Thursday, March 3, 2011

Books of 2011: 5-10

6. Grace (Eventually): Some Thoughts on Faith by Anne Lamott (2008 library list)

This book appears to be a collection of her writings published in the early 2000 and, while some such column collections age well (for me, for example, Anna Quindlen comes to mind), this one hasn't, overall. The frequent George Bush-bashing just seems irrelevant and annoying. There were a few nice things in here -- some stories of acceptance of people at her church, and of the trials of teaching Sunday school to small children examined in light of the overall picture of grace, but overall, for me, it was a "meh."

7. Outliers: The Story of Success by Malcolm Gladwell (church book group, February)

I actually didn't go into this with high hopes, and was pleasantly surprised. I found his examinations of the "whys" behind certain social phenomena very interesting. For example, the relevance of the logical approach of the Chinese language to math -- it's basically the metric system in words -- to Asian students' success in mathematical fields in the U.S.; and the examination of hockey success based on birth dates and season starts -- and, hence, amount of ice time practice. (As you can imagine, that one was a big topic of discussion here in Minnesota at the book group.) Kudos to Gladwell for also including his own family's experiences -- his mother is Jamaican, educated in England -- in some of these sociological explorations. I'm still somewhat disturbed, however, by his apparent conclusion that yes, people who succeed in any endeavor need to work hard, but if you work hard in a particular endeavor and it's not the right time for the succes of that area where your talents lie -- i.e., it's not the 1970s for Jewish laywers in New York, it's not the 1980s for computer programmers, it's not the late 1800s for wealthy industrialists -- well, then, rots o' ruck to you. A thought-provoking, memorable read.
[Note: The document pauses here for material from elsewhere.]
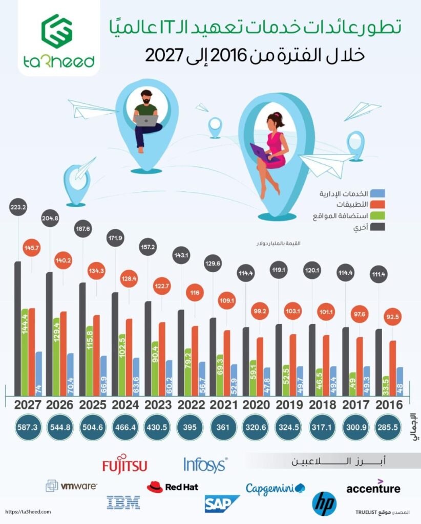 تطور عائدات خدمات تعهيد الـ IT عالميًا خلال الفترة من 2016 إلى 2027

8. Twenties Girl by Sophie Kinsella (women's book group, February)

Picked as an easy, light, fun read, by the author of the Shopaholic chick lit series. This one's not part of that series (although I, personally, can see a sequel featuring the cousin of the main character -- even if others in the group couldn't), and I didn't enjoy it quite as much as the Shopaholic ones I've read, but it was still fun. The main character is in her 20s, rather aimless and lacking her own direction in life -- when she becomes haunted by the ghost of her great-aunt, a 1920s flapper with a mystery to solve/necklace to find. The great-aunt's gumption helps the main character get her life on track, find love, etc. Also, there's a lot of descriptions of 1920s fashion, and I kind of like 1920s fashion.

9. Retire Happy: What You Can Do Now to Guarantee a Great Retirement by Richard Stim and Ralph Warner (2008 library list)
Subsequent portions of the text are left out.